This transcript was generated automatically and may contain errors.

My journey to this conference started one year and one day ago. As with many of you, it started with a tweet from Hadley Wickham. How much more could you want than this? RStudio is hiring a director of education. Please apply if you love stats and education.

At this time, I was teaching big data for a consulting company that had been acquired by a very large technology company. I was putting on about 100,000 air miles per year. At that level, you get to know the TSA folks on a first-name basis. Hey Tom, how's the wife and kids? And it seemed like staying around home might be a little bit more fun.

So I interviewed with, basically, my heroes. Garrett Grollemund, Menechet and Gaya Rundle, Hadley Wickham. Finally, it comes to the point where I interview with Tarif, who's the president of RStudio. And I'm a little nervous. And I get a little bit more nervous when he tells me, you know, I'm not sure you're who we're looking for. I don't think you're going to work out because we're thinking a little bit bigger than you are. We're thinking that we really want to equip everyone, regardless of means, to participate in a global economy that rewards data literacy.

So I had to go home and think about that. And we had coffee scheduled for the next day. And I came in and I met with him again, and I gave him my best shot. And as a result, I am now the director of education at RStudio. And the shot I gave him was this. This is what's called a BHAG, a Big Hairy Audacious Goal. Comes from an old book called Built to Last. And my BHAG was really simple. RStudio education's mission is going to be to train the next million R users.

Now this sounds sort of preposterous when you first think about it. But frankly, it's smaller than the population of San Jose. Not so bad. And it is a little bit larger than the number of people who own Klingon dictionaries. By the way, there are 300,000 people that own Klingon dictionaries. This particular one says, I must attend RStudio Conf.

The learning R survey

So it's easy to make a Big Hairy Audacious Goal. But how do you execute on it, right? So I'm a member of AA. No, I'm not an alcoholic. I'm actually an analyst's anonymous. I was an industry analyst for 15 years. And when you ask an analyst, tell me how you're going to do something, they start asking questions back. And my questions were, well, who learns R? And why do they learn R? And how do they learn R? And what keeps them from learning R?

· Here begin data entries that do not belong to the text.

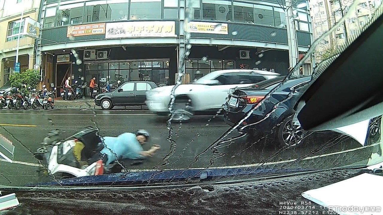 ▲外送騎士因閃避路邊駛出的自小客自摔。(圖/記者洪正達翻攝)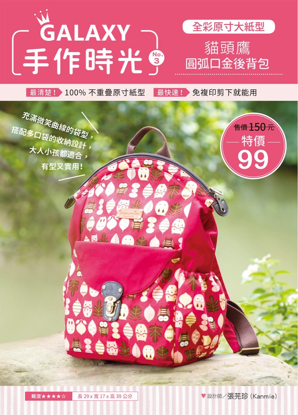 GALAXY手作時光B no.3:全彩原寸大紙型×完整教學講義:貓頭鷹圓弧口金後背包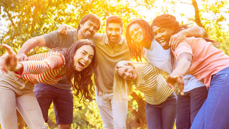 Laughing multicultural group of friends as a community while hugging in nature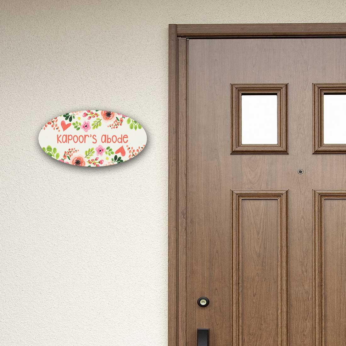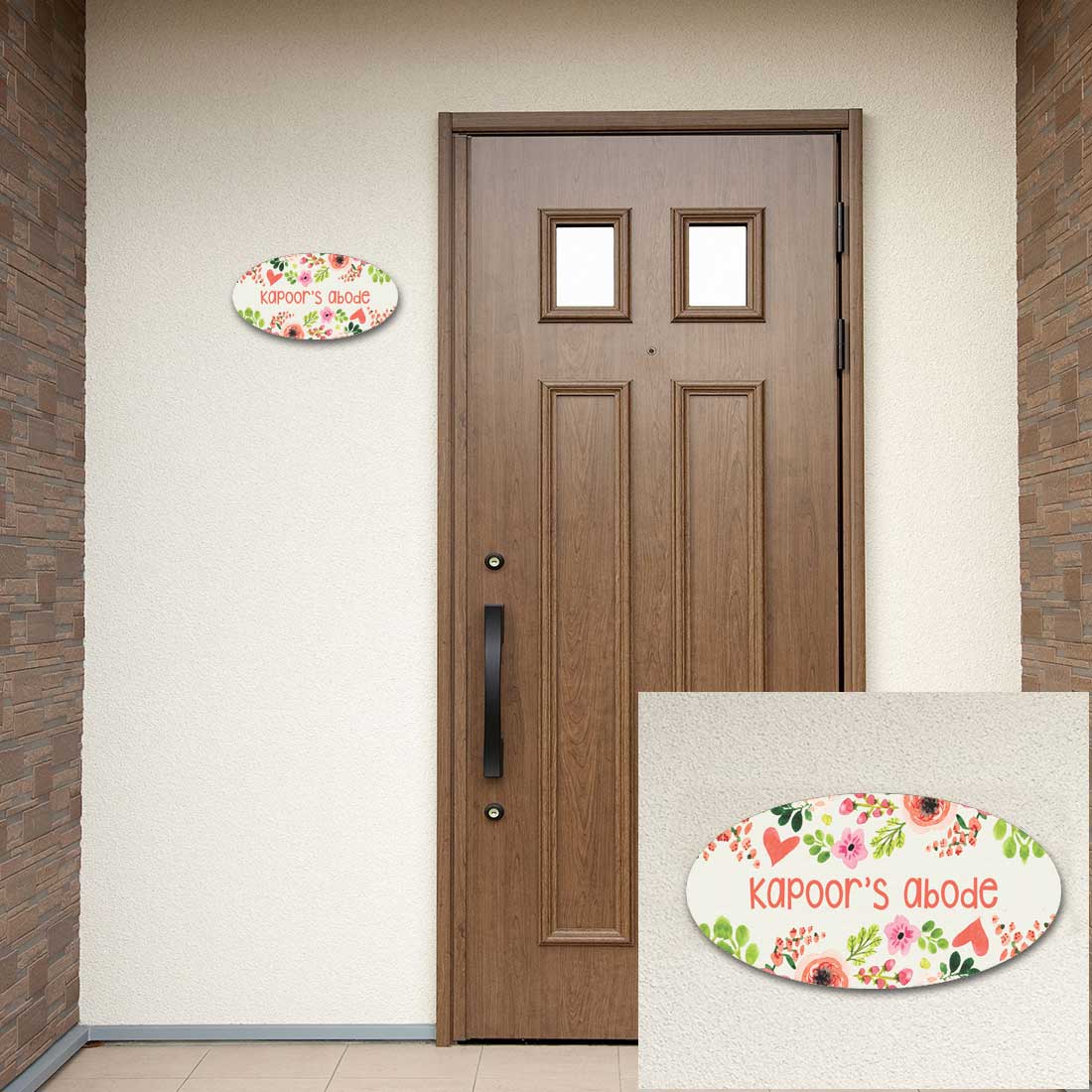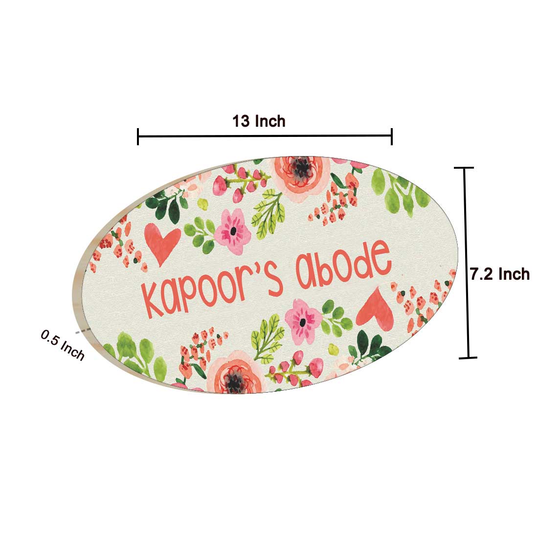Customized Wooden Name Plate for Home Flats and Office - Flowers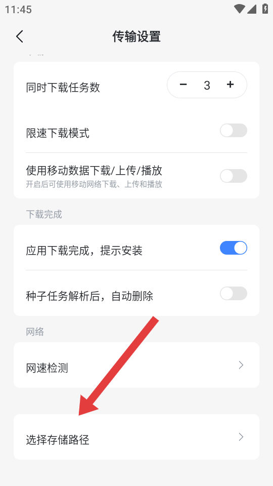 2、在传输设置页面中,点击选择存储路径的选项,跳转至存储路径选择页面。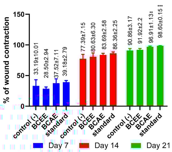 To our knowledge, this is the first study to report on the healing activity of extracts of B. cinerea, which have not been reported among the 12 species belonging to the Asteraceae family—species that are part of medicinal plants widely used in the treatment of wounds in the Mediterranean region []. An evaluation of the healing activity of a plant species belonging to the asteraceae family and using the same burn model with an extract of Ditrichia viscosa shows a remarkable wound contraction (99.28%) after 21 days of treatment []. The healing efficacies of some species of asteraceae can be attributed to their antibacterial effects, which provide protection of the microenvironment and damaged wound tissue against pathogenic bacterial strains [].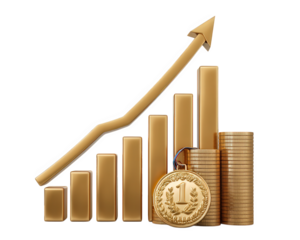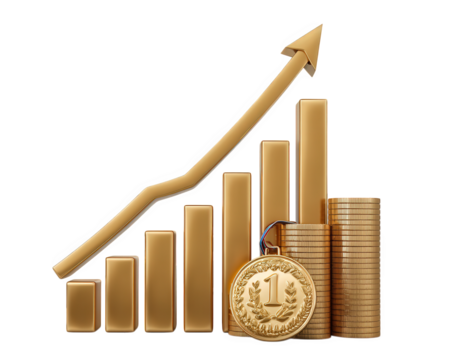 Gold bar chart upward arrow gold medal coin stack ranking success finance achievement business growth wealth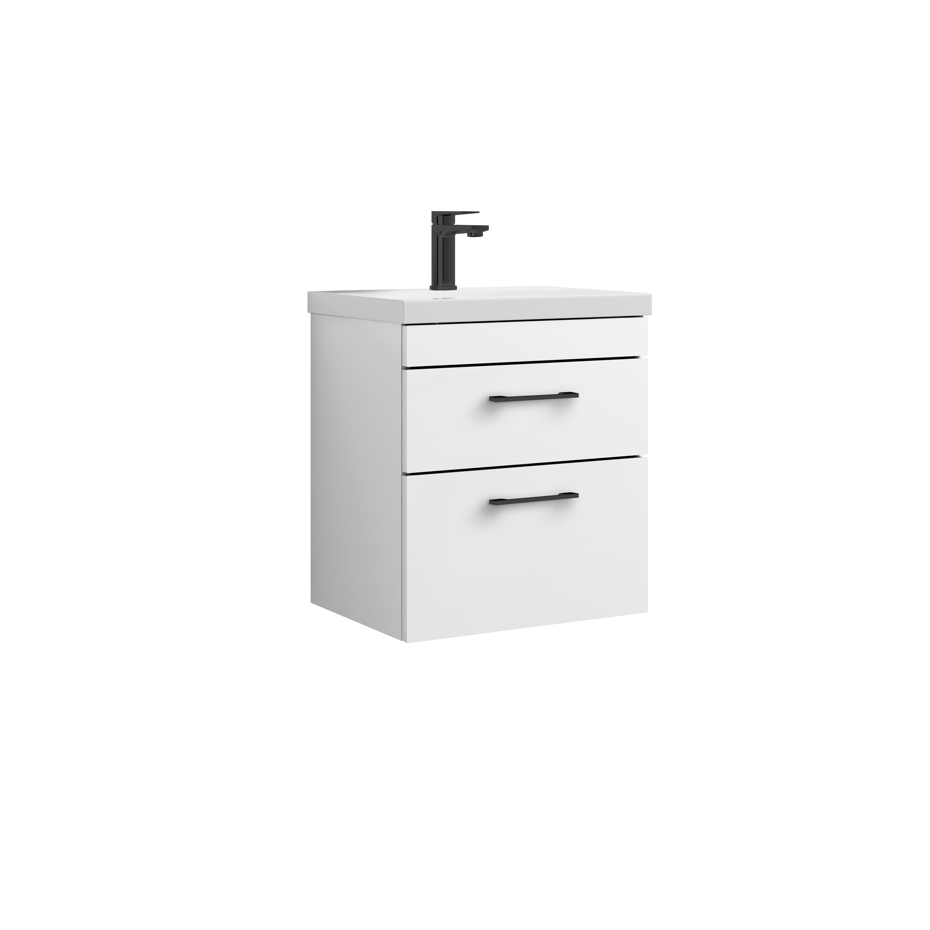 nuie Athena Wall Hung 2 Drawer Vanity with Ceramic Mid-Edge Basin and Handle 500mm - Gloss White/Matt Black

Well, again, analysts are trained to do this. I said, well, the clear way we answer these questions is we do a survey. And I brought this up to Hadley as a proposal for doing this talk. And Hadley comes back and says, gee, using data to make decisions. I think I've heard of that somewhere before.

So on December 6th, I put out this tweet of my own, which is, do you wonder how and why people learn R? And if you've learned or are planning to learn R, fill out our five-minute survey. Now, thanks to Laura Acion, who's in Argentina, we also got a Spanish language translation of the entire survey. This went up a few days later. And as a result, we actually gathered data.

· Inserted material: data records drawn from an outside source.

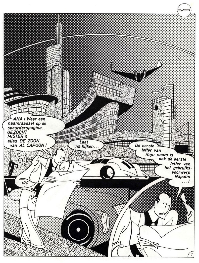Tout comme Joost Swarte en suivant Hergé, avec quelques autres Hollandais « fous furieux » du magazine de 1971 Tante Leny. Mais en le transgressant, en le pervertissant — avec entre autres de la politique et du sexe ! La KLARE LIJN (terme inventé par lui pour l’expo de Rotterdam en 1977) : la LIGNE CLAIRE, quoi !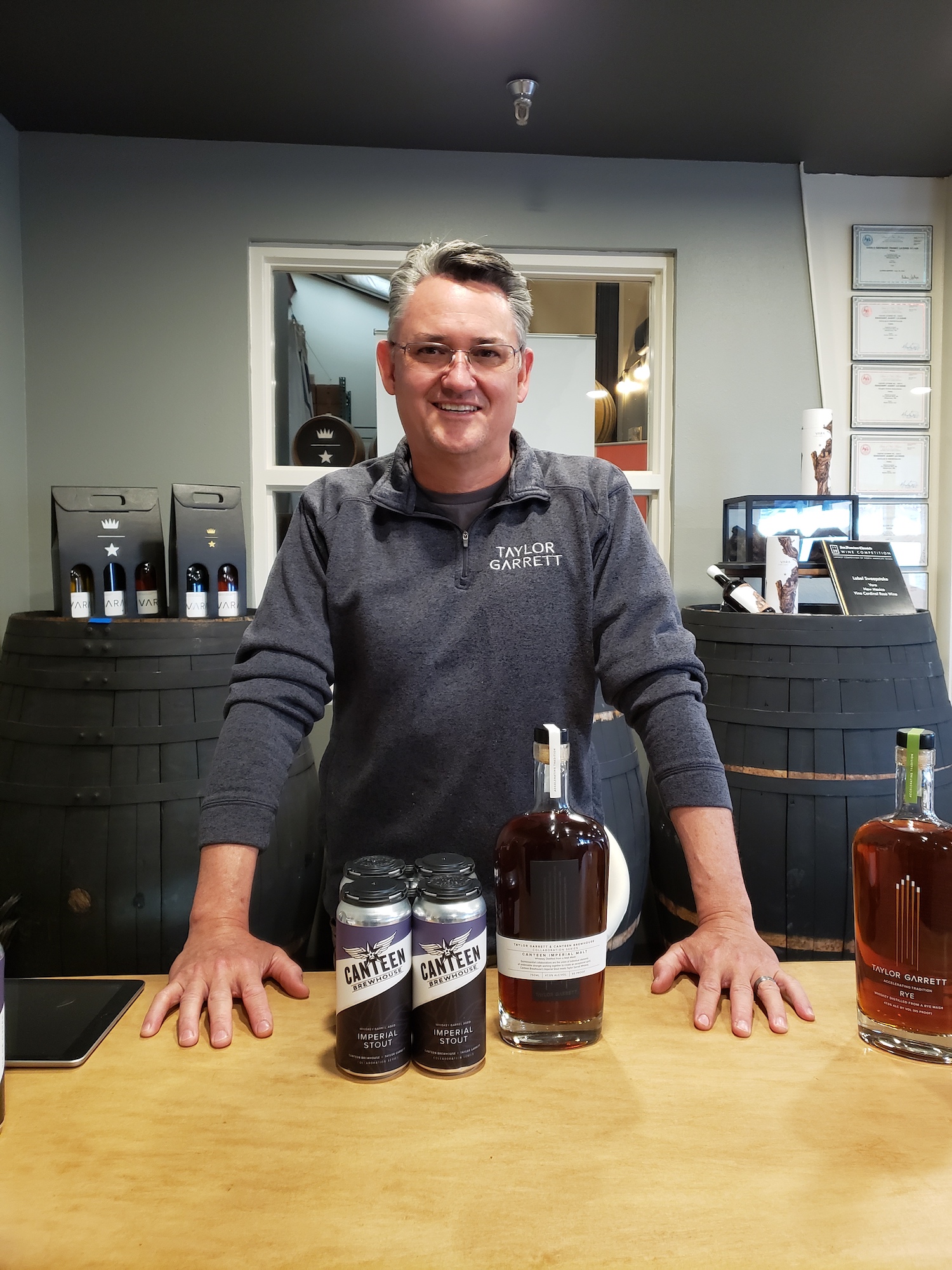 The recent Canteen Brewhouse/Taylor Garrett Whiskey collaboration was not something we were about to pass up. While you can enjoy the Zoom review we have above on our YouTube channel, this experience also included myself and Erin heading over to Vara Winery and Distillery, which is home to Taylor Garrett.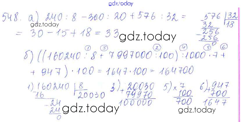 Ответы к Решение к упражнениям 548 Учебнику по Математике для 5 класса Зубарева, Мордкович Мнемозина 2015

So today, I'm here to announce RStudio's Learning R survey is now published. It was fielded between December 6th and December 31st. The respondents were solicited from community.rstudio.com, Twitter followers of RStudio employees and colleagues, and reddit.com data science. What I think is really terrific is we received 3,300 responses. I would have been happy with about 1,000, but 3,300, about 10% are Spanish speaking. And all of this data is now at this repo. Every single bit of data we collected and all the plots I'm about to show you are available for you to peruse and the code necessary to analyze it. It's about 2,000 lines of our markdown.

Now here's where we have to do the warning messages. First warning, significant sampling bias may be present. These results are not necessarily representative of the general R population. This is, in fact, 3,300 of RStudio's closest friends. The other thing is there's a lot of open text in this survey. And that means if you're in K through 12 and you want to teach your kids data science using this survey, you should know that this is restricted data. K through 17 requires accompanying parent or guardian.

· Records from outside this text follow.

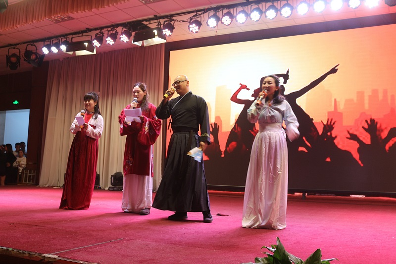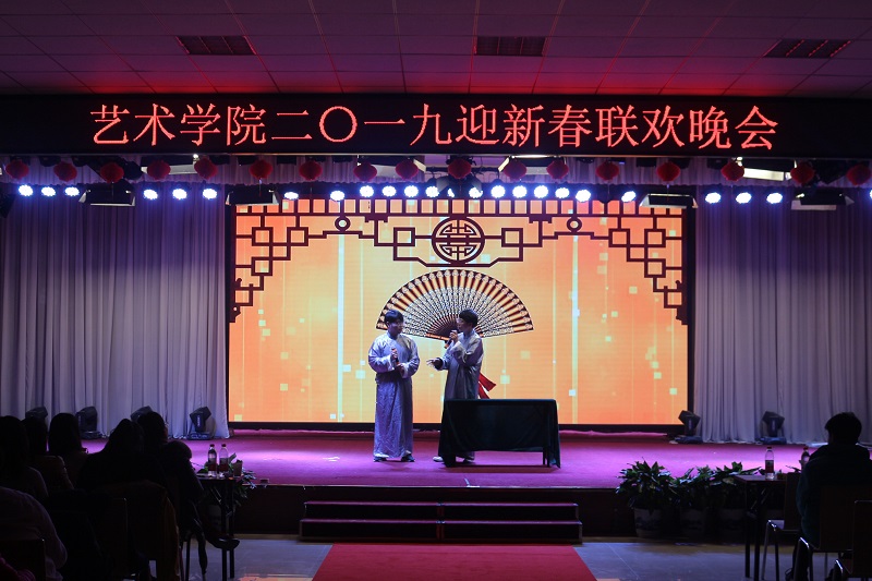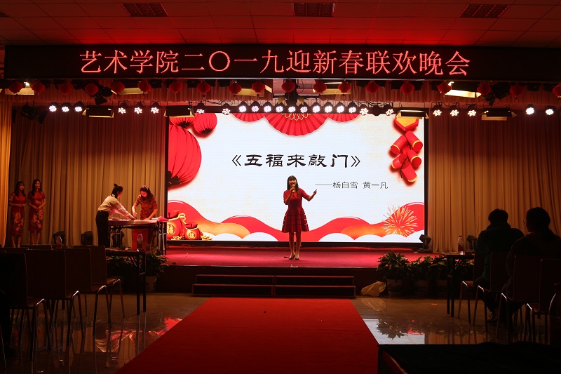 晚会以回顾2018、迎接2019为主题,节目精彩纷呈。bat365正版唯一官网舞蹈队拉开晚会活动的序幕,首先回顾总结2018,晚会对bat365正版唯一官网2018年涌现出学生先进集体及个人进行了表彰。通过表彰,在全体学生中树立了榜样,树立了标杆。随后迎接展望2019,联欢晚会正式开始,bat365全体师生同台表演,给大家带来了一场视觉、听觉盛宴。bat365正版唯一官网合唱队演唱的《我爱你中国》,凭借其激昂的旋律带动观众火热的心;环境设计教研室的老师们朗诵的《青春的赞歌》,让大家重温了青春的美好;视觉传达教研室老师们带来的歌曲《走在牧院的街头》,让我们再一次畅游在校园之中;服装教研室老师们的《金曲串烧》带我们重温金庸的武侠世界;数字艺术教研室朱逢鑫、魏意苹老师的《山鬼箫鼓合鸣》表演,让人耳目一新;基础教研室老师们的《古琴演奏》让我们领略了厚重的传统文化;公共艺术教研部马一菲老师带领学生的演奏的器乐合奏《兰亭序》展示了不俗的乐器表演功力;辅导员们朗诵的《我们的南方和北方》,歌颂改革开放四十周年国家的变化和进步;杨白雪、黄一凡老师的歌曲及现场书法表演《五福来敲门》,更是给迎新春晚会增添了光彩;还有同学们的精彩表演:演唱歌曲《星空》;相声《满腹经纶》;心理剧《暗恋不到底,天使来帮忙》,以及bat365正版唯一官网礼仪队的走秀,将晚会气氛一次又一次地推向高潮。最后,晚会在大家的欢呼声中落下帷幕。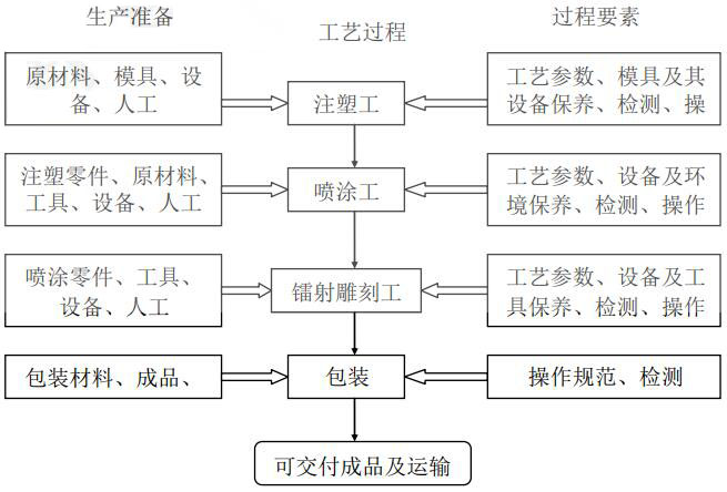 目前大部分汽车面板都使用塑料材料,并且通过喷漆赋予其一定的色泽。然后采用镭射雕刻技术,在各个塑料中雕刻相应的标志符号,为其赋予一定的含义,使其满足客户使用需求。下图3-1给出了汽车面板零件开发的工艺过程。从图3-1可以看出,汽车面板零件在制造过程中使用的工艺并不是特别复杂,且基本上都是比较传统的注塑、喷涂以及镭射雕刻等,不存在技术限制性。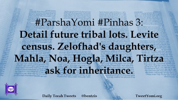 #ParshaYomi #Pinhas 3: Detail future tribal lots. Levite census. Zelofhad’s daughters, Mahla, Noa, Hogla, Milca, Tirtza ask for inheritance.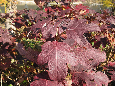 Calendula officinalis) which blooms strongly in spring and summer, will reseed and has edible flower petals. Pot marigolds have a long herbal history, come in many colors and are easy to find in seed catalogs. The bottom photo is yet another shot of the superior red fall color on our oakleaf hydrangeas (

Survey findings: who learns R

Now we're going to blast through the data. There's no way I can do in 20 minutes any real honor to this data. But let me just give you the highlights. Who learns R? Well, here's a choropleth of the respondents to our survey. We got responses from 110 different countries. These are the top 10. Again, thanks to Laura, we have Argentina as number three. She tweeted through R ladies there.

Most respondents consider themselves to be intermediate users. They're not experts. They're not beginners. And 3% say none. And those are really important people because those are the people we're trying to reach. Males made up about 75% of respondents. I had thought we were doing better on diversity than we are. This is an area where we have some work to do. The mean age was 35, although there's clearly a long tail. You can see where I am. I'm kind of over towards the right-hand side there. And respondents started learning R at a mean age of 30.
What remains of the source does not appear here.